Elasticsearch-5: Aggregation based on query without per-doc results?


(James Green) #1

We have an application that is essentially a reporting tool. It is interested in aggregate data, not individual documents.

The queries involved are along the lines of:

{body: { query: { bool (...) }, size: 1, aggregations: { name: { (...), size: 2000}}}}

Two questions:

  1. I've been unable to tell the server that I don't want any non-aggregate documents to come back so I have to accept one back (hence size:1). As I am only interested in the aggregation results, this feels like a hack - is there a better way of limiting the scope of my aggregation search and thus avoiding having matched documents returned?
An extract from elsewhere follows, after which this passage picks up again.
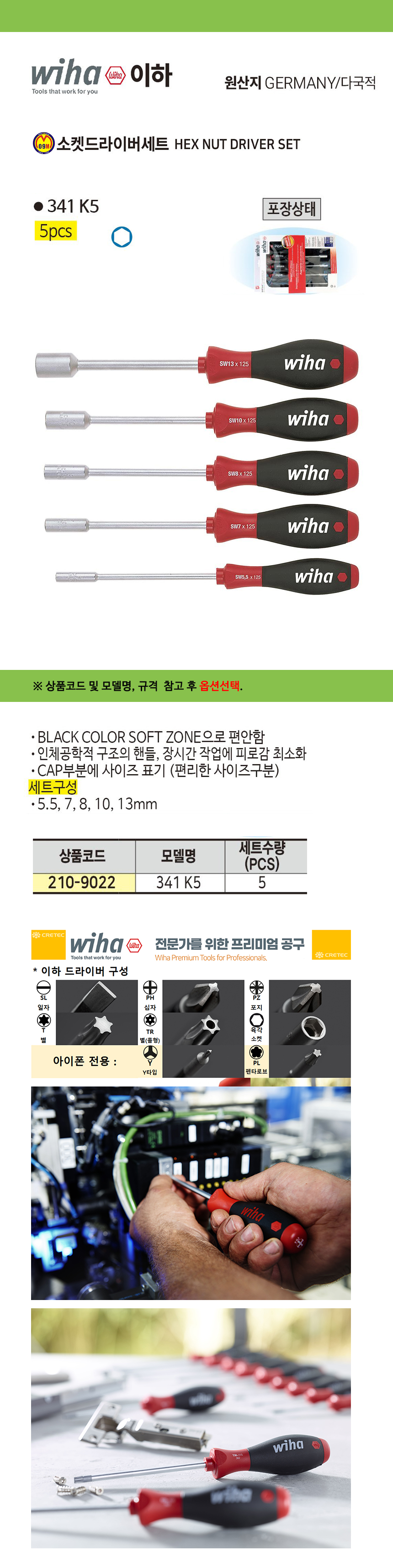 이하 소켓드라이버세트 341 K5, 5Pcs (5.5mm-13mm) wiha 복스드라이버 렌치 공구몰 210-9022
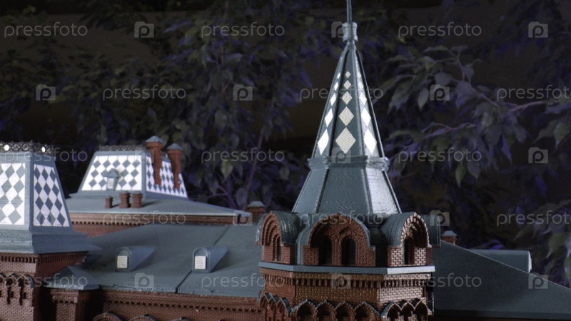 Большая модель Красного дворца. Стоковые кадры. Огромный DIY красивых зданий, снятый на улице рядом с листьями. Высокое качество 4k видео

  2. My application expects the aggregation results to be returned in full. In our case it's unlikely to result in more than 2,000 documents so I've set this as the size however this too feels like a hack. Is there a better way?

Thanks,
James


(Christoph) #2

This is odd, whats wrong with ommiting the "query" part and setting the size to 0 if you don't want any search hits? I might be misunderstanding the question though.
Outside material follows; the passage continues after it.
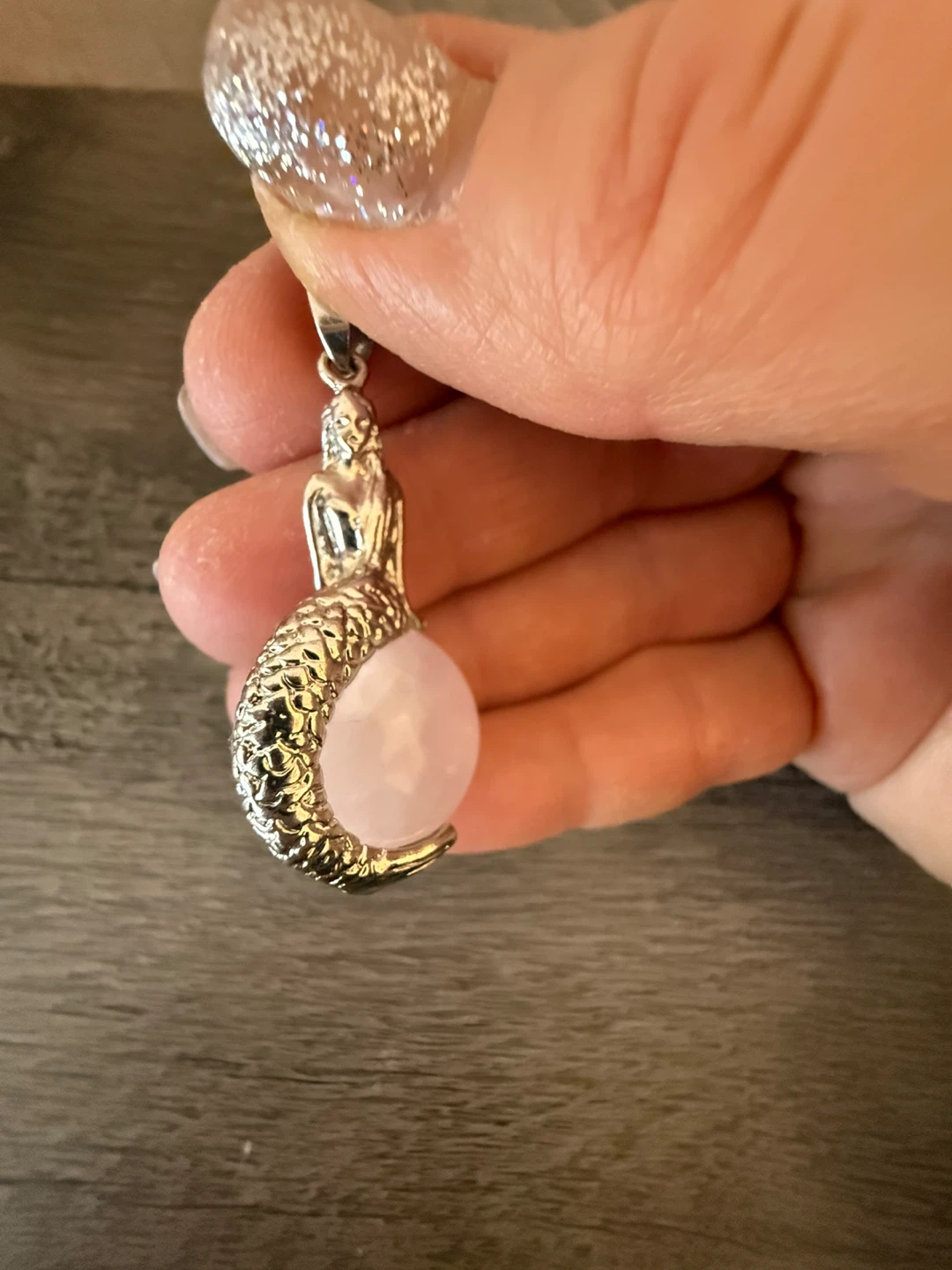 Rose Quartz pendant with a silver-tone mermaid design. Originates from Brazil and Madagascar. Rose Quartz stimulates unconditional love and promotes peacefulness in relationships. It's a great stone for family,friendships and self love! π

What kind of aggregation result is this? As far as I know the size parameters in aggregations are specific to the kind of aggregation you are using (e.g. terms)


(James Green) #3

The query limits the aggregation to the documents of interest (a where clause, if you will). For instance, those within a particular time range.
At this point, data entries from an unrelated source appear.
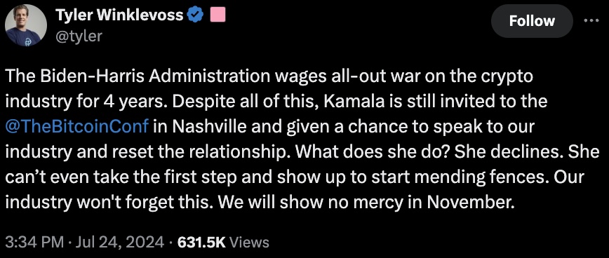 Рисунок 2. Камала Харрис отклонила приглашение выступить на Биткоин-конференции в Нашвилле в июле 2024 года. Источник: X.
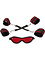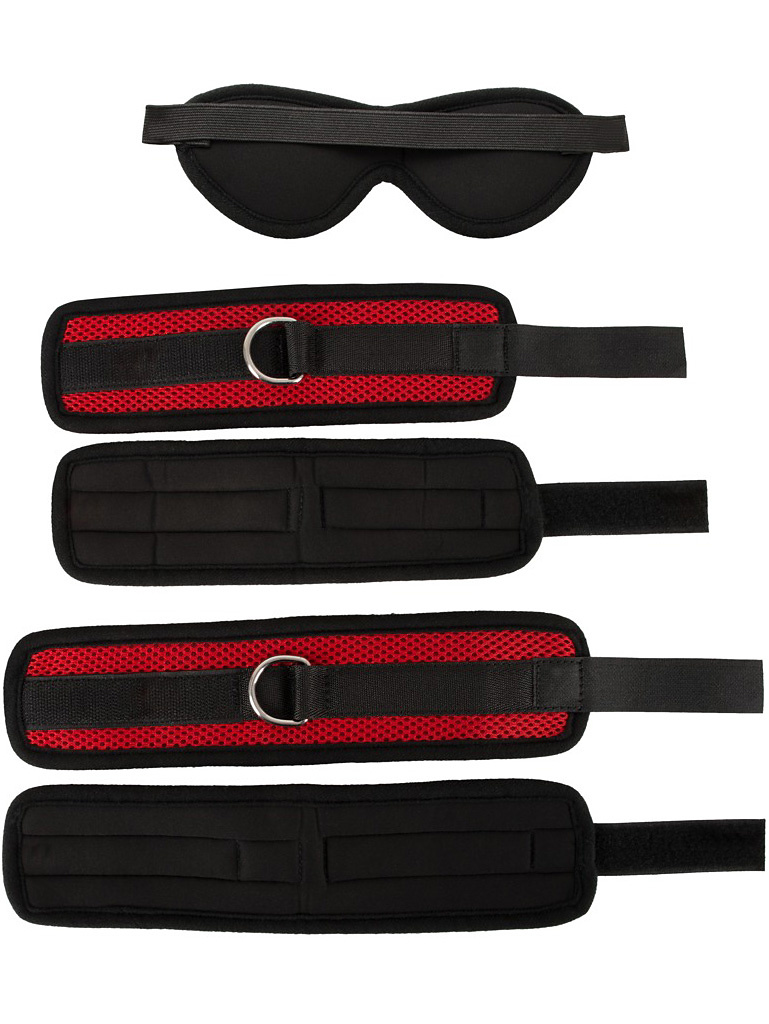 This set includes two handcuffs, two footcuffs and a hog tie for exciting bondage-play. In addition, a matching blindfold is included to enhance the other senses.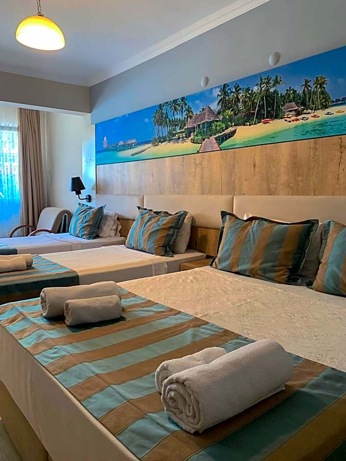 Akkan Beach Hotel offers Standard Triple, Family, and Deluxe Double rooms. Smoking is not allowed in any room type. The rooms accommodate 2, 3, or 4 adults and offer bed options such as Twin, Queen, and Double beds. Room sizes range from 194 to 366 square feet.

Using size: 0 results in an error that the value must be a positive integer.

I have a date_histogram and aggregations including terms, cardinality and sum. The terms ones are bounded with a size after we discovered that without this parameter only the first ten results would be returned.


(Christoph) #4

Thats the odd part. It shouldn't do that. You are essentially scoping your aggregation as described here. Setting a size of 0 to omitt the seach results while still having a query to scope the aggregation is the normal thing to do here. Please check those examples, maybe you can spot the difference.

Yes, you explicitely need to set the size for the terms aggregation since it will also affect the way the aggregation is computed as explained here.


(system) #5

This topic was automatically closed 28 days after the last reply. New replies are no longer allowed.